Today, unmanned aviation seems to involve an awful lot of people on the ground – the challenge to scale BVLOS operations is to reduce and ultimately remove the need for this by unlocking autonomy throughout the network. Mass-autonomy at the scale anticipated will require the entire system to work in sync, with human decisions largely removed from the loop.

It is clear is that there are pockets of amazing technology being developed, both by SMEs and by the larger traditional aerospace businesses. There is no single solution yet available also meets the needs for tomorrow. Instead, collaboration is the way forward, for example, Archangel have some incredible technology in advanced development, but without integrating that technology with complimentary innovation from elsewhere in the industry, there will be no compelling overall solution.

Navigation for BVLOS Unmanned Systems

Within the current aviation environment there is a very clear and mature regulatory framework surrounding operations and the role of technology within it. For example, large, trans-oceanic flights must have dual communications system to provide suitable redundancy should there be a failure of the hardware or even the network itself.

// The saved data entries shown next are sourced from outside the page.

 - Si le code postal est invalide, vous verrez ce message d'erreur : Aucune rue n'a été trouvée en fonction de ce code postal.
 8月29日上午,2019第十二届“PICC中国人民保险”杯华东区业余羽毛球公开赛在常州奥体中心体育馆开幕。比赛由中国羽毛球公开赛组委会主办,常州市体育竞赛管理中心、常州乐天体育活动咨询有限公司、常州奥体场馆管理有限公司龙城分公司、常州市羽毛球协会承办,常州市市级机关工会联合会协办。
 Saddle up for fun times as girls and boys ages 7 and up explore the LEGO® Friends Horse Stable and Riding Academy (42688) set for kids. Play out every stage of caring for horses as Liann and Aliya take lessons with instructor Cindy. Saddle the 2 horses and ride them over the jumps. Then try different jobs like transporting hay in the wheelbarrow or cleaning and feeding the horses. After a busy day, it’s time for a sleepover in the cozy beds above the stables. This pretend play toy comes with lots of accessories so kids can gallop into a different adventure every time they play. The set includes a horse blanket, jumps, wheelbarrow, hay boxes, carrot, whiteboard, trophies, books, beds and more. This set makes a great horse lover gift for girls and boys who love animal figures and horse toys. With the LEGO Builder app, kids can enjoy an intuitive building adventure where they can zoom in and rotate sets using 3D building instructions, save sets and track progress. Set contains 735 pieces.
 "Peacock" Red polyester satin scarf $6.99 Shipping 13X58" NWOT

When considering the autonomous and BVLOS environment, it is clear that there will need to be a similar approach to system assurance. Much has been published about the need for resilient, assured and often low-latency communications on unmanned aircraft, indeed, a number of high-profile projects are underway to overcome this clear vulnerability. This is critical, but there has yet to be a similarly appropriate focus on the navigation elements.

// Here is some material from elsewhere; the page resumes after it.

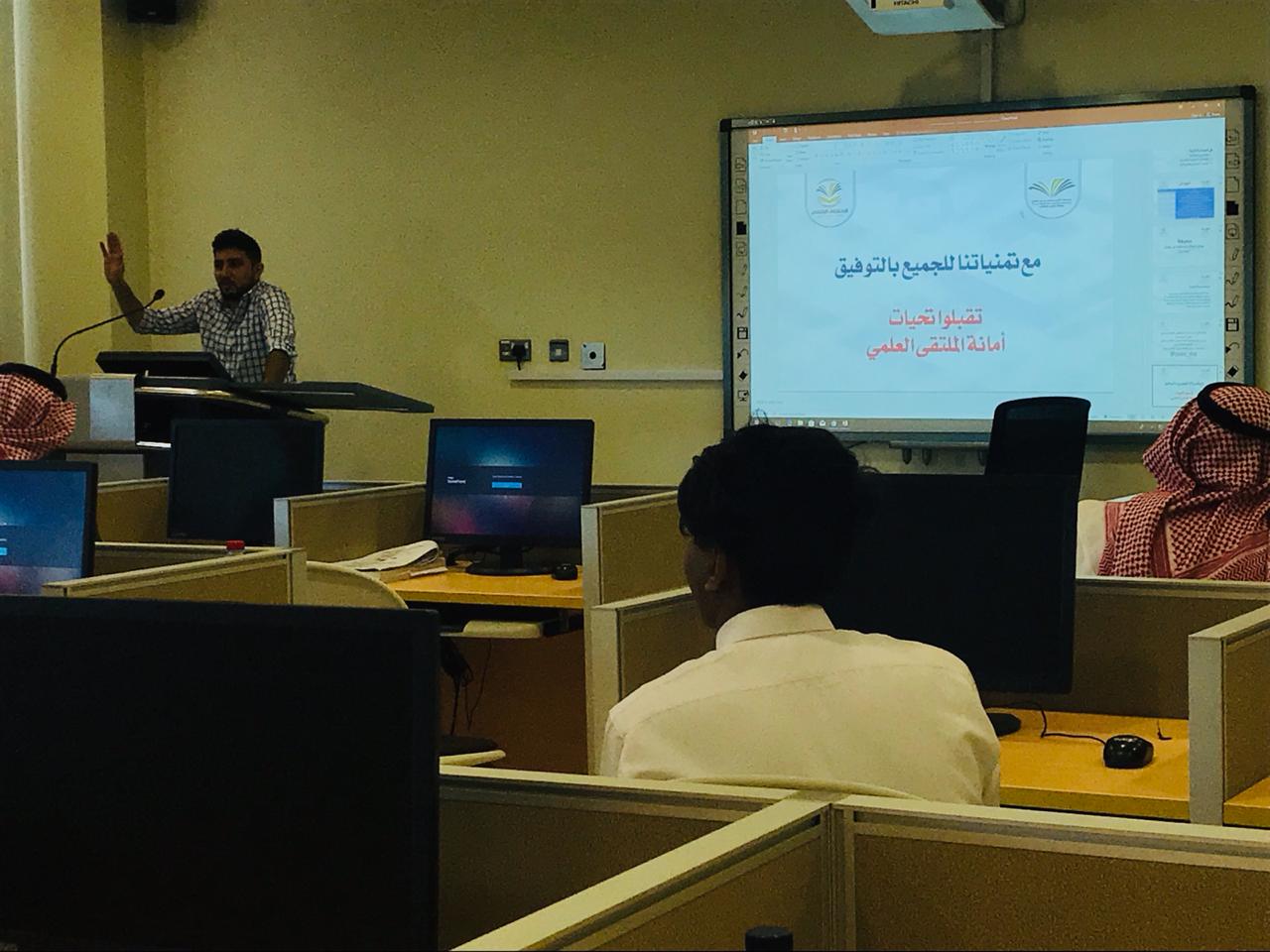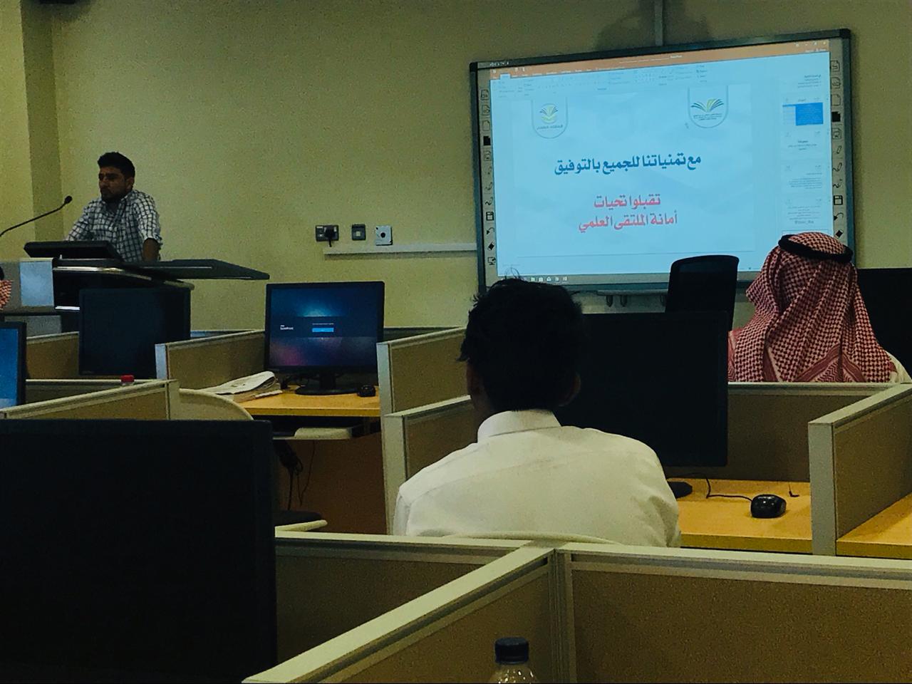 وقد استهدف اللقاء تعريف طلاب القسم بالملتقي العلمي الثالث وأهدافه ورؤيته ورسالته ومحاوره المختلفة فيما يرتبط بالبحث العلمي ، الأفكار الريادية ، المبادرات المجتمعية أو الأعمال التطوعية أو الابتكارات والاختراعات ، كما أشار سعادته إلى الدعم الذي تقدمه الكلية والجامعة للطلاب في هذا الإطار, كما أكد أيضاً على أن القسم يقدم كل الدعم لطلابه داعياً الجميع إلى ضرورة المشاركة والتفاعل .

GPS is ubiquitous and relied on every day for a multitude of uses, from guiding us in the air to geo-tagging our photographs. But what happens when that system is compromised?

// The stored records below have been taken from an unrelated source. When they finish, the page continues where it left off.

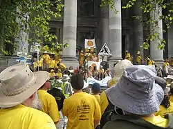 Opponents of the weir contended that the planned weir would severely damage the environment of the lakes and Coorong, and that already endangered species in the lakes and Coorong could become extinct. Sim and Muller trace the complex history of the area.[1] Lloyd argues the weir diverts attention from the real issue: the sustainability of the Murray-Darling system.[2] There was no environmental impact assessment conducted for the proposed weir. The area that would have been impacted is subject to a Ramsar Agreement,[3] as part of an international convention that aims to halt the loss of wetlands and conserve those that remain through wise use and management.
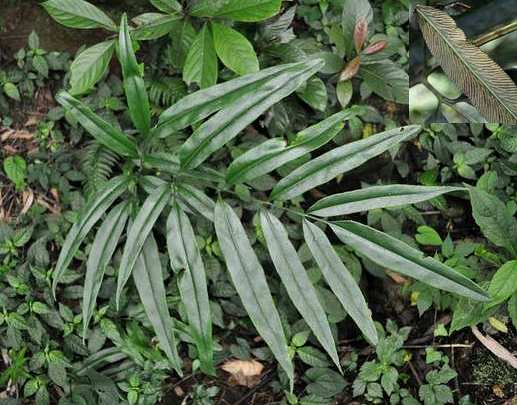 多年生草本,高80~100厘米。根状茎长而横走,被淡褐色鳞片,叶疏生,叶柄长50~60厘米,稻秆色,除基部外无毛,背部有沟;叶片卵圆形,长达50厘米,宽25~30厘米,一般为1次羽状复叶,但下部羽片常为2回羽状复叶;羽片可达5对,线状长椭圆形,长达20厘米,宽2厘米左右,先端长渐尖,基部有短柄,楔形,多少下延,边缘有微锯齿;叶纸质,无毛,叶脉在近羽轴处形成网眼,其他概为平行脉。孢子囊群沿叶脉着生,不具囊群盖。
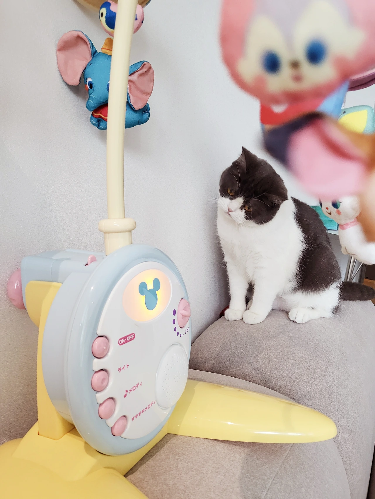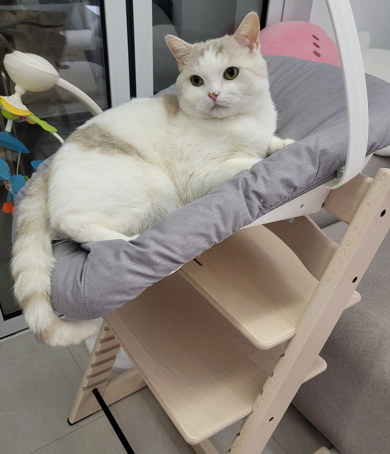 푹신한 장소를 찾아다니는 고양이들 특성상 아기 용품은 최적의 장소였던 것이다.
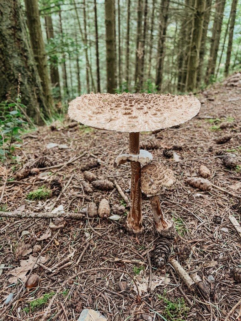 Diese Runde können wir absolut empfehlen. Das Tolle ist, das sie direkt am Wildgehege des Parks startet, das Auto kann also stehenbleiben. Die Wanderung besteht aus zwei kombinierten Rundwegen, die sich noch mal im Park treffen – also falls man was vergessen hat oder wie wir selbst gesammelte Pilze wegbringen möchte, kann man noch einen kurzen Stopp Zuhause einlegen.
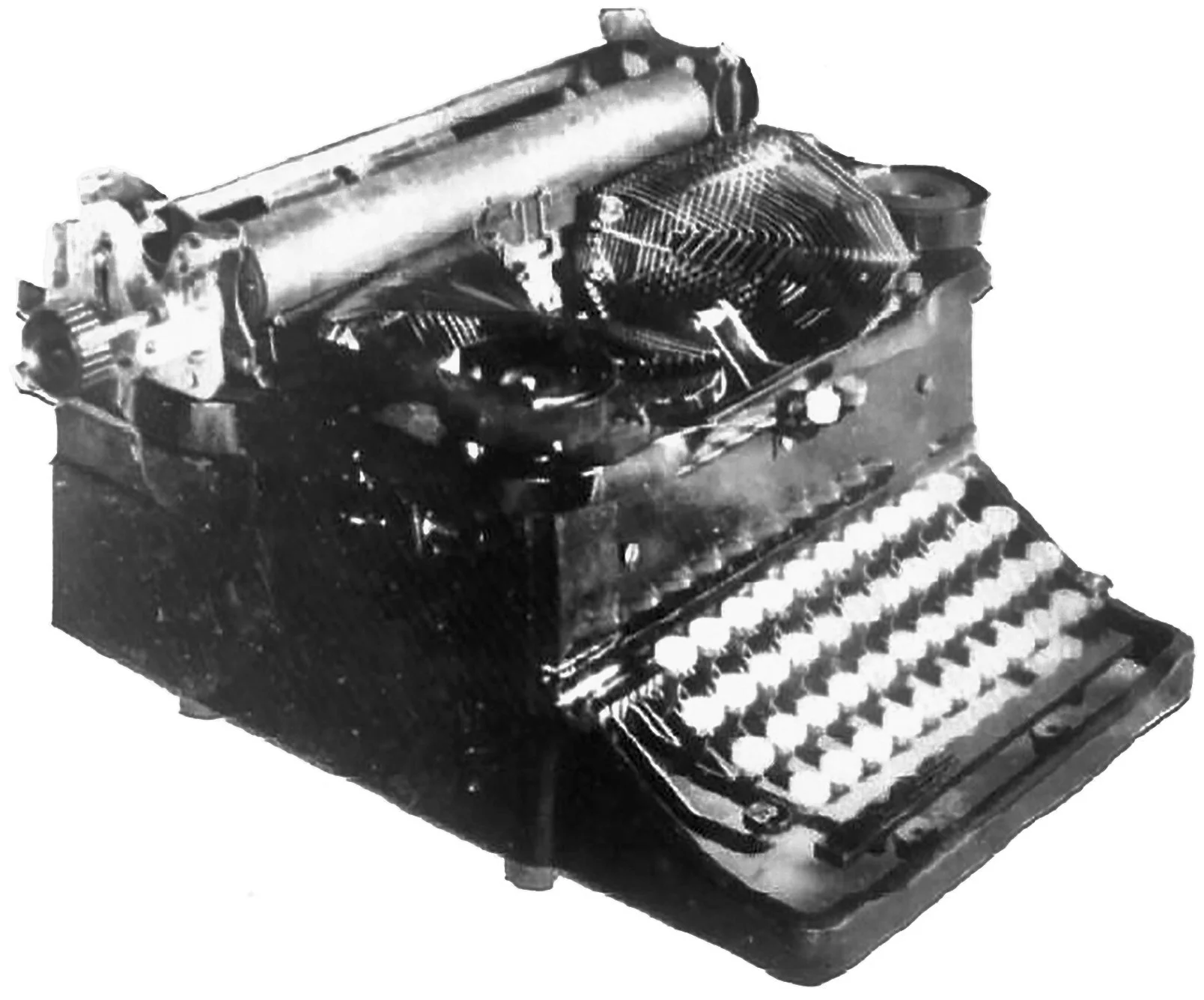 In 1922, Theron Lorenzo Knapp, chief design engineer of The Oliver Typewriter Company, presented to the board of directors his new four-bank typewriter design that resembled more conventional typewriters on the market at the time. Knapp’s machine retained the iconic U-shaped Oliver typebars, but mounted to strike the front of the platen as opposed to the top. Despite its novel design, this prototype never reached production, and was likely scrapped or absorbed into British Oliver, the company formed after the U.S. operation ceased.
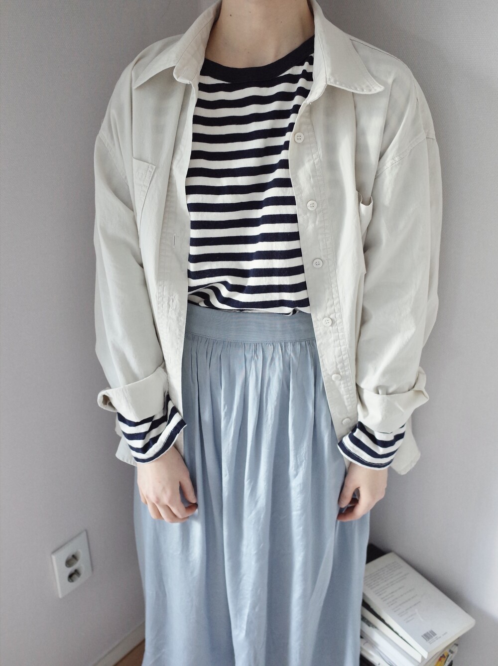 셔츠의 경우 소재가 너무 빳빳하거나 힘이 있을 경우 하의에 넣었을 때 모양이 예쁘게 잘 안되더라고요.
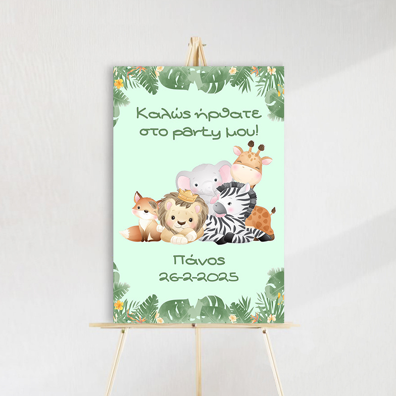 Ταμπέλα Πάρτυ με θέμα Ζωάκια Ζούγκλας, φτιαγμένη από ξύλο, διαστάσεων 60x40cm. Προσθέστε μια μαγική πινελιά στo party του παιδιού σας με αυτή την όμορφη και μοναδική διακόσμηση.

Many of us rely on GPS to guide us when driving, and when that system fails in some way it immediately causes distraction to the driver. As a “squidgy computer”, the human driver can usually manage to maintain course and manage through other means, for example reading signposts. Now, imagine that driver was autonomous, how would an autonomous driver manage without accurate location information?

Is There a Backup to GPS for Unmanned Flying Platforms?

Now imagine that same GPS system was the sole input for the autonomous navigation system on a drone, and that drone was involved in a critical mission – delivering pathology samples to a remote test lab, or surveying critical infrastructure… How would the drone know if it was off course? How would it know that it was in the right location, or that the location data was not being spoofed?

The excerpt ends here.